Grand sujet d'actualité en Europe, l'immigration clandestine est au coeur d'Illégal, plus récent film du cinéaste belge Olivier Masset-Depasse. La Presse a rencontré ce dernier ainsi que son actrice fétiche, Anne Coessens.

Olivier Masset-Depasse se souvient du jour où, en visite dans un centre fermé pour immigrants illégaux, il est entré dans le bureau de la directrice.

«Elle était au téléphone avec un immigrant polonais expulsé deux semaines plus tôt, raconte-t-il. L'homme avait oublié son téléphone portable. La directrice lui a demandé son adresse pour le lui faire parvenir, mais ce dernier lui a répondu que ce n'était pas nécessaire. Il allait passer le chercher!»

Pour le jeune cinéaste belge, les centres fermés, des endroits sordides où sont parqués les immigrants illégaux dans l'attente d'une probable expulsion, ne fonctionnent pas. Au contraire. Ils aliènent, ils tuent à petit feu, ils cultivent le désespoir. Et ceux qui sont expulsés du pays trouvent les moyens de revenir.

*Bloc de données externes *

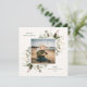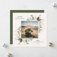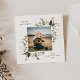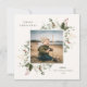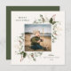 Festive Holiday Botanical Foliage Frame, flat photo card. Features, Olive green colour typography and matching solid colour backing.
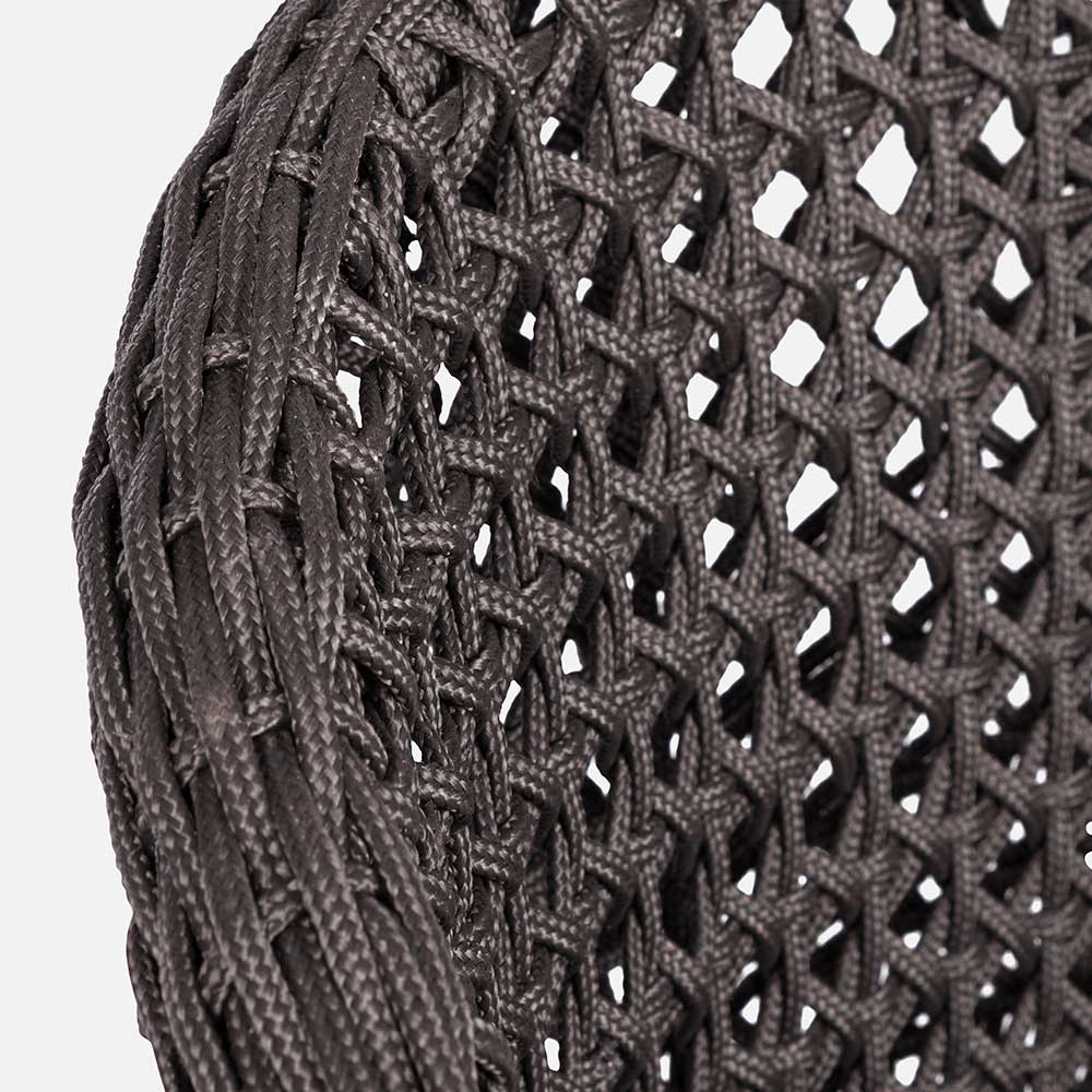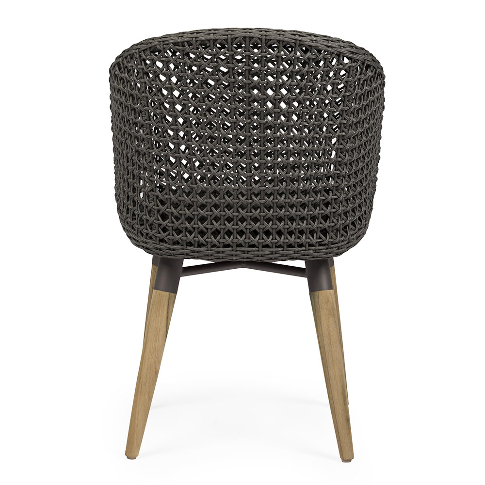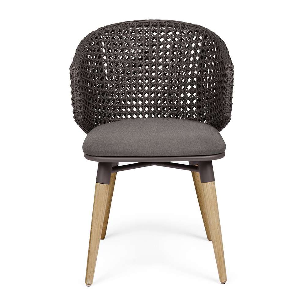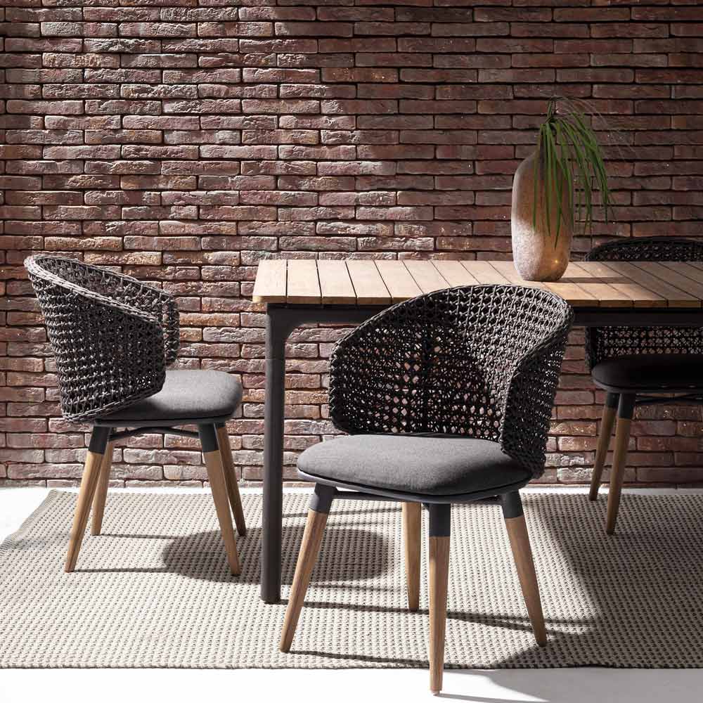 Poltrona exterior de alta qualidade em corda e tecido com pés em madeira teca.

C'est ce que Masset-Depasse a voulu démontrer dans Illégal, film coup-de-poing qui raconte l'histoire de Tania (Anne Coessens), Russe sans papiers vivant en Belgique avec son fils de 14 ans.

Un jour, Masset-Depasse a voulu savoir ce qui se passait derrière les portes de ces centres. Ce qu'il a vu l'a dégoûté.

«Du côté des femmes et des enfants, on croise des gosses en pyjama à 4 h de l'après-midi, raconte-t-il. D'autres cherchent des jouets sans arrêt. Leurs mères sont un peu lobotomisées. On sent un désoeuvrement total, avec un côté douceâtre, comme une longue noyade. Alors que chez les hommes, c'est plus électrique.»

Anne Coessens a ressenti la même chose. «Je ne savais pas que c'étaient de vraies prisons, carcérales, où l'on enferme des gens qui ne sont pas des criminels ou même des enfants, a-t-elle confié en entrevue lors du Festival du film francophone de Namur, où elle a remporté le prix de la meilleure interprétation féminine. Ce qui m'a choqué, c'est qu'il n'y a jamais rien, rien, rien à faire. Et leur séjour peut durer jusqu'à huit mois!»

Complicité

Plusieurs raisons expliquent que les centres fermés ne fonctionnent pas, estime Masset-Depasse. À commencer par le fait que l'immigration illégale est en partie encouragée par des patrons qui embauchent les sans-papiers au noir et à bas salaires.

Ainsi, dans Illégal, Tania a un travail, quelques amis, s'assure que son fils va à l'école. Mais elle vit constamment dans la peur d'être arrêtée. Un jour, lorsqu'elle baisse sa garde, elle est coincée à la sortie d'un bus. Son fils réussit à s'échapper et Tania, même de l'intérieur du centre, fait tout en son pouvoir pour le tenir à l'écart.

Pendant des semaines, elle refuse de s'identifier. Et personne d'autre qu'elle peut le faire, car elle a sciemment brûlé ses empreintes digitales. Finalement, elle donne le nom d'une amie... tchétchène. Un phénomène courant dans les vrais centres.

«La prison des gens n'est pas que physique, mais intérieure, dit le réalisateur. Tania ne peut dire son vrai nom, de peur de représailles.» «Il y a un hit-parade de l'identité, enchaîne Anne Coessens, qui tourne pour une cinquième fois avec Masset-Depasse. En fonction de l'actualité, c'est bien de dire que l'on vient de tel ou tel pays, car c'est plus facile d'obtenir ses papiers de réfugiés politiques.»

L'actrice a adoré ce rôle «très riche» décliné sur fond de critique sociale. «À la lecture du scénario, ce que j'ai le plus aimé est ce combat de cette mère pour son fils. C'est vraiment quelque chose d'universel et que je peux ressentir dans ma chair», dit-elle, enceinte de son deuxième garçon au moment de l'entrevue.

Oliver Masset-Depasse estime aussi qu'un des problèmes de l'immigration illégale se situe dans les ambassades, investies de mafieux qui font chanter les diplomates. Ce sera, croit-il, le sujet de son prochain film. Car s'il est entré dans Illégal avec une certaine colère, celle-ci n'était pas apaisée à la sortie.

___________________________________________________________________
Demain à 12 h 15 et dimanche à 18 h au Cinéma Impérial.